- The Washington Times - Tuesday, December 13, 2011

Nearly a year ago in January, as chairman of the Democratic National Committee, Tim Kaine boasted that Obamacare would be “one of the great achievements of this president.” He then went on to claim this “reform will control costs and lower costs for middle-class families” and that it was “an important step toward getting our economy back on track.”

These all sound like fine political phrases, but the real question is: are they true?

Obamacare has been in place for a little more than 20 months, and the picture is finally becoming clear. What we now know is that Obamacare is destroying jobs and opportunity.

At the time it was being debated, Mr. Kaine said this government-run health care legislation is “good news for the health of our economy,” but since its passage we have seen 20 months of unemployment topping 8 percent.

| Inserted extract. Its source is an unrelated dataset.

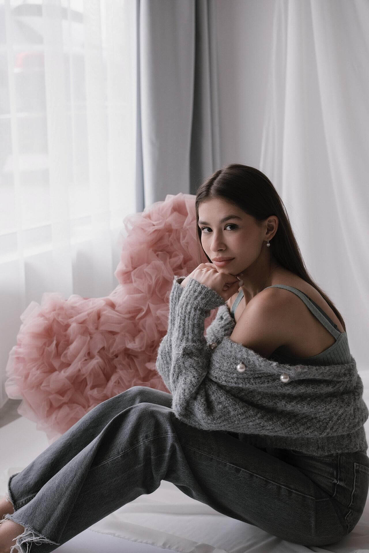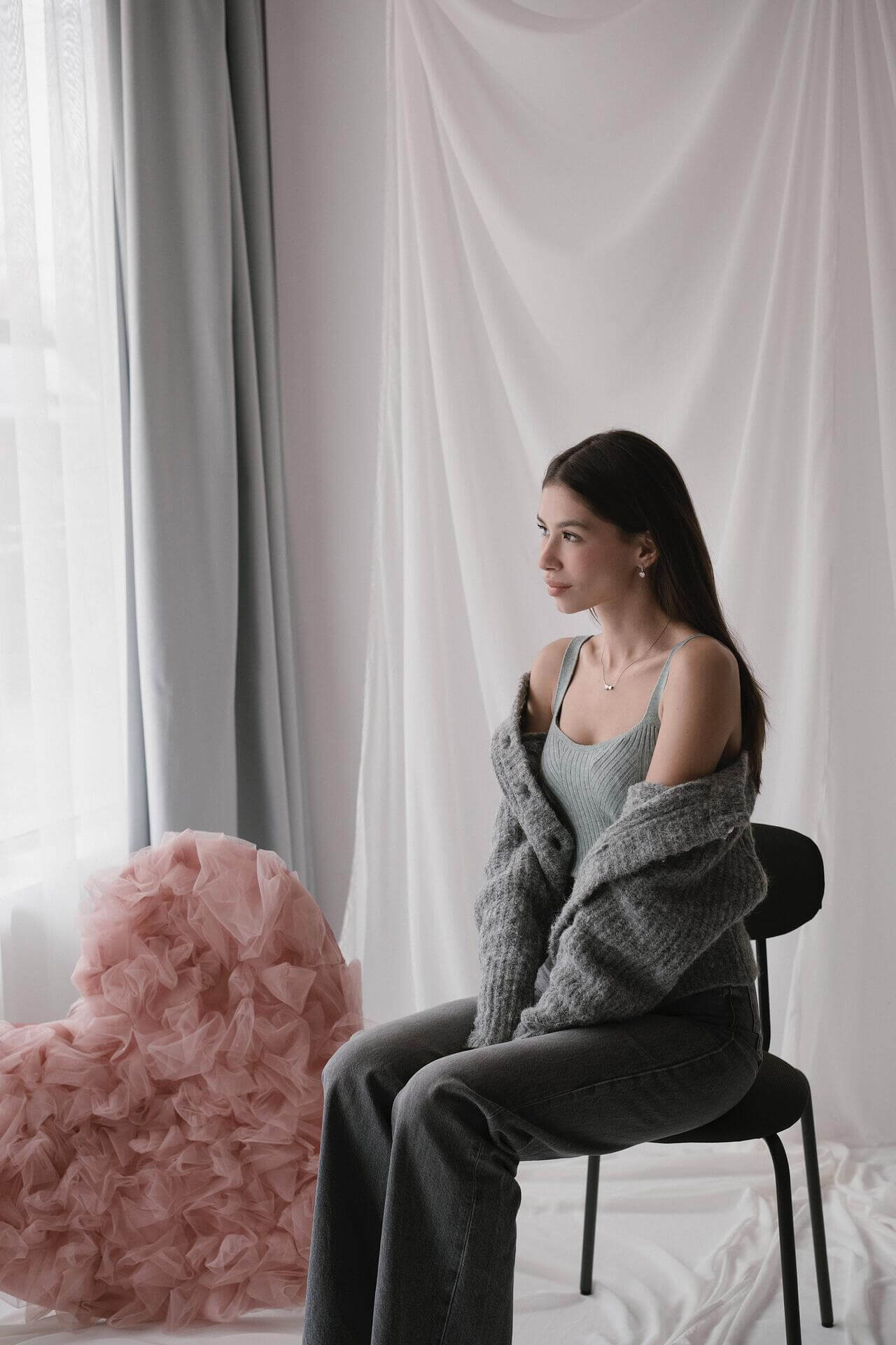 Млада жена в сива жилетка с огледален вид, седнала пред розово сърце и завеси.
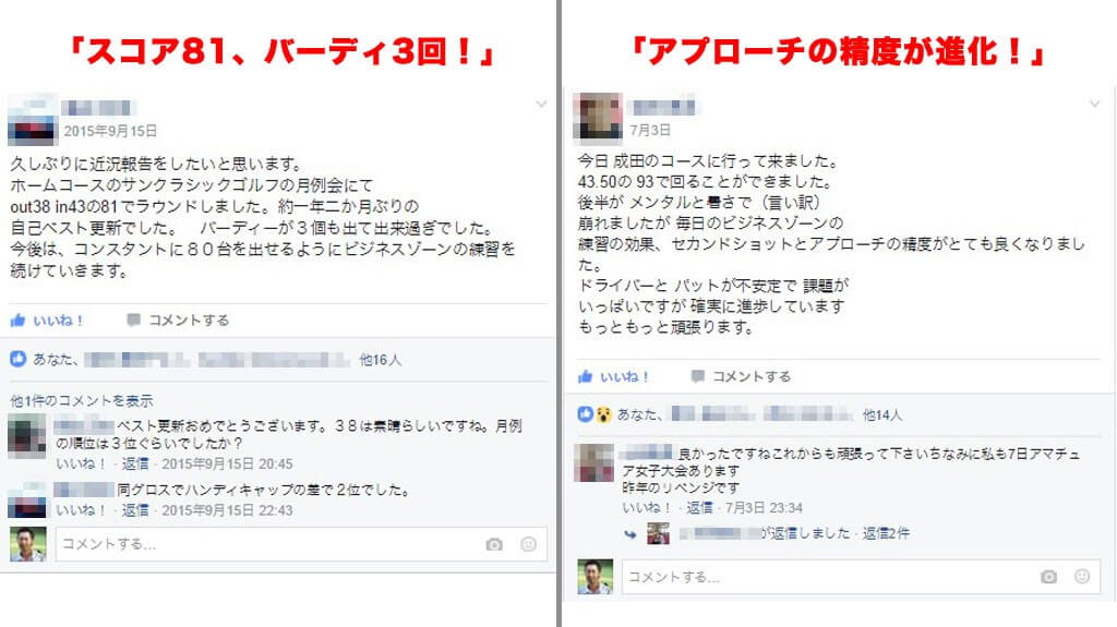 そして毎日のようにFacebook上で「ベストスコア達成」、「ハンディ更新」という報告が飛び交っています。

The reasons can be found in Obamacare’s thousands of pages of legislation and regulations.

For example, Obamacare imposes a $2,000 per worker penalty on any company with 50 or more workers that, in the opinion of some government bureaucrat, isn’t providing “adequate” health insurance for its employees. This provision means companies either have to provide government-approved insurance or pay a steep fine.

It also discourages entrepreneurs from growing their small businesses into mid-sized ones because the Obamacare mandate kicks in when the 50th employee is hired. That’s right - a company with 49 employees faces no penalty, but must fork over $40,000 once the 50-employee threshold is reached. And the penalty goes up still further for every additional employee the company hires. Not surprisingly, seven out of 10 small-business owners reported in a recent survey that they have put new hiring on hold.

Small business has always been the engine that has driven America’s economy. Under Obamacare, however, that engine has now been stalled.

In my travels throughout Virginia, I have heard from so many people that Obamacare is adversely affecting small-business owners forced to deal with the new mandates and regulations as many struggle to stay in business. Whether it’s small-business leaders at the Emporia-Greensville Chamber of Commerce meeting or restaurant owners in Prince William and Fairfax counties, they all say the uncertainty and costs associated with Obamacare’s regulations and mandates are hampering or will impede their ability to hire and expand their businesses.

An example of Obamacare’s job-crushing provisions is the new tax on manufacturers of medical devices. Already burdened by America’s anti-competitive tax code, these companies are forced by Obamacare to pay the federal government an additional 2.3 percent tax on their sales to the federal government. Worse still, this tax must be paid even if a company has lost money for the year, as many start-ups do, or is engaged in vital but expensive research and development. At the time President Obama signed Obamacare into law, medical-device companies employed nearly half a million Americans - and now job cuts are being announced.

Other Virginia companies and workers face tough times under Obamacare, too. For example, Norfolk Southern Railway announced in the first quarter of last year it would have to pay a $27 million charge for new health care costs. And Brinks, a Richmond-based security firm with worldwide reach, paid an additional $14 million in taxes because of Obamacare. Even though Mr. Kaine proclaimed this legislative “reform will control costs and lower costs for middle-class families,” it is now clear that the opposite is true. In fact, new data reveal that the cost of health insurance will increase nearly fourtimes as a result of Obamacare than would have been the case had it not passed.

The Office of the Actuary in the U.S. Centers for Medicare and Medicaid Services announced health insurance costs will rise by nearly 14 percent in 2014 instead of 3.5 percent, as would have been the case had Democrats not pushed through the legislation on a party-line vote.

Simply put, Obamacare is harming our job creators and destroying jobs through taxes and penalties.

We know that this is not the health care reform Americans want or deserve.

Instead of a government takeover, Americans want common-sense solutions that reduce costs, increase access to quality care, and put patients and doctors - not bureaucrats - in control.